Откуда дует? Из степной безысходности экрана? Не знаю, как долго я пребывал без сознания. Может, целый век, как Спящая красавица, или мгновение-другое по ходу нарколептического рассказа. Но ваше далекое лицо (одна половина которого искривляется и теряется в дыму полу-кремированной сигареты, которую вы сжимаете краем губ), лицо, склоненное над моим, ваши глухие призывы, рука, готовая к пощечине, которая должна вернуть мне сознание, еще влажная от воды, которой вы прыскали мне на веки, и вытянутые тени за вами, напомнили мне, дорогой доктор, утро, когда я проснулся, чтобы увидеть тоннель, где погибла принцесса Диана.
Нет, не утверждаю, что я следователь, или любопытствующий извращенец, я обычный зритель, на которого Канал 69 бросил свою телевизионную тень; Наталия, прервав мультфильм, очередную трагическую неразбериху с Каменко и Кременко, запустила полученную с какого-то дымящего спутника картинку, и эта смерть казалась совершенно естественной, но в итоге обо всем рассказывает какой-то карлик, или сонный гном, если это больше подходит принцессе. Бедный я.
Но как трудно было объяснить моей взволнованной маленькой Алисе, что карета до полуночи не превратилась в тыкву, а отравленное яблоко не попало в духовное дыхательное горло, что эта смерть не временная, подобная сну, клиническая, и что нет того принца, что разбудит спящую красавицу, и сколько бы папочка в неглиже страстно ни целовал телеэкран, его губы и язык горят от электричества? Как объяснить неразумному ребенку, что Диана умерла, прячась под землю от обезумевших камер, то есть от наших поседевших глаз? Несмотря на то, что она бессвязно, своими словами объясняет, что после такого потока всех этих делишек, которые обычно называют личными, каждому зрителю кажется, что несчастную принцессу знал, пусть совсем немного, в лицо. По мне, так все это походило на стихи, устаревшие, как формалистический рассказ о квадратиках некрологов, не имеющих к нам отношения.
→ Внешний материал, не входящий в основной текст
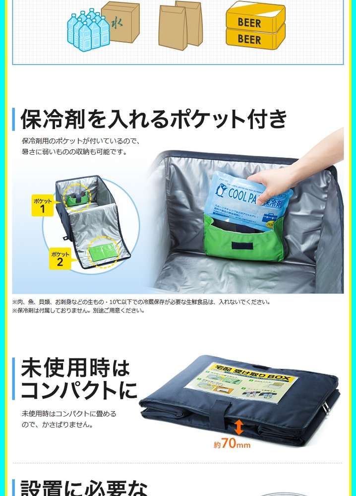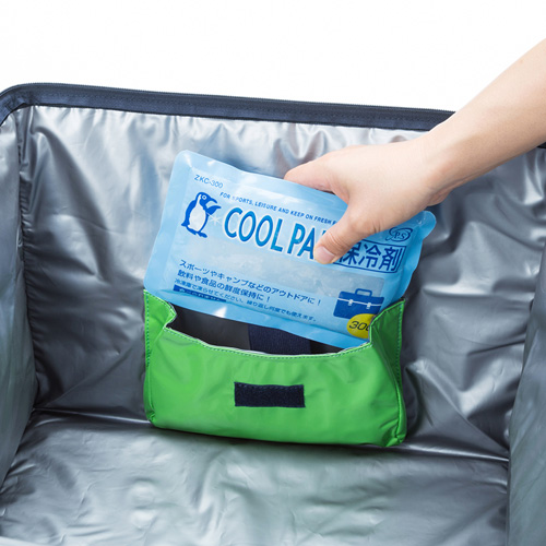 ●本体:ロックファスナー、保冷材用ポケット、印鑑用PVCポケット、説明POP用PVCポケット、折り畳み用マジックテープ、ワイヤー通しタグ、
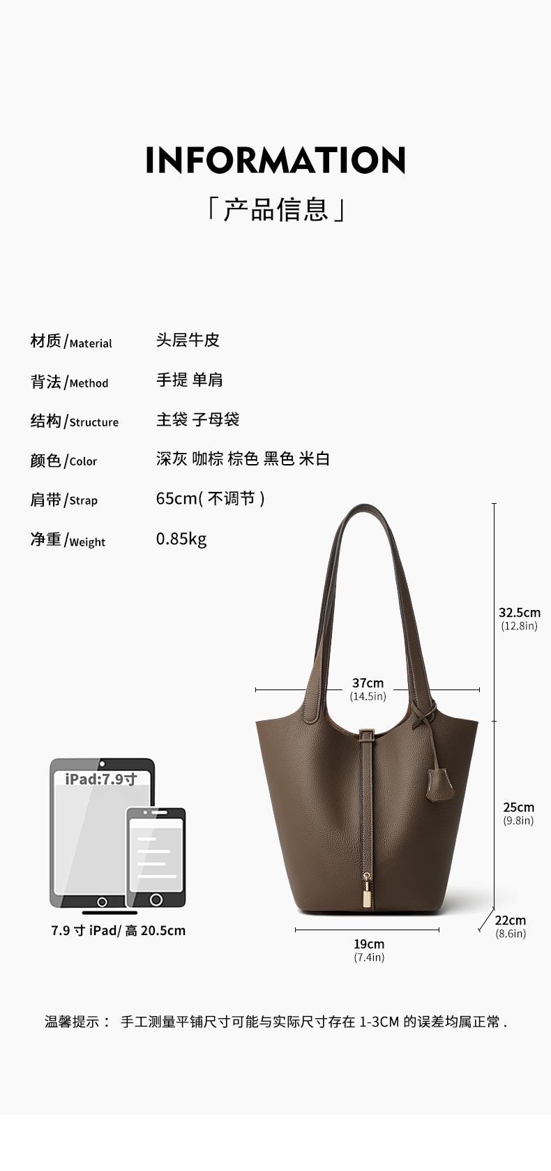3205-頭層植鞣真皮托特包大容量質(zhì)感通勤大包

Теперь Стрибер может с иронией вспоминать о количестве своих пошлых слез, оросивших газетные дагерротипы столетних мертвецов, подшитые в заплесневелые словари, но тут я выпрямился и обнял Алису, которая уткнулась мне влажным носиком в пупок, и горько зарыдал, замечая, как неумолимо, со скоростью Быстрого Гонсалеса, удаляется от нее Вселенная, и, сознавая впустую, что видел по телевизору войну в Заливе и Дейтонский мир, историю и ее конец, спортивную удачу и автомобильные катастрофы, все и ничего, но так и не дождался, когда увижу на экране прямую трансляцию моих собственных чувств, замедленную съемку души…
Вы думаете, это неосторожно? Что ребенок может выпасть из моих патетичных рук? Но, простите, господин доктор, смею заметить, вы и сам халтурщик, в тот раз вы мне укол всадили, как слон…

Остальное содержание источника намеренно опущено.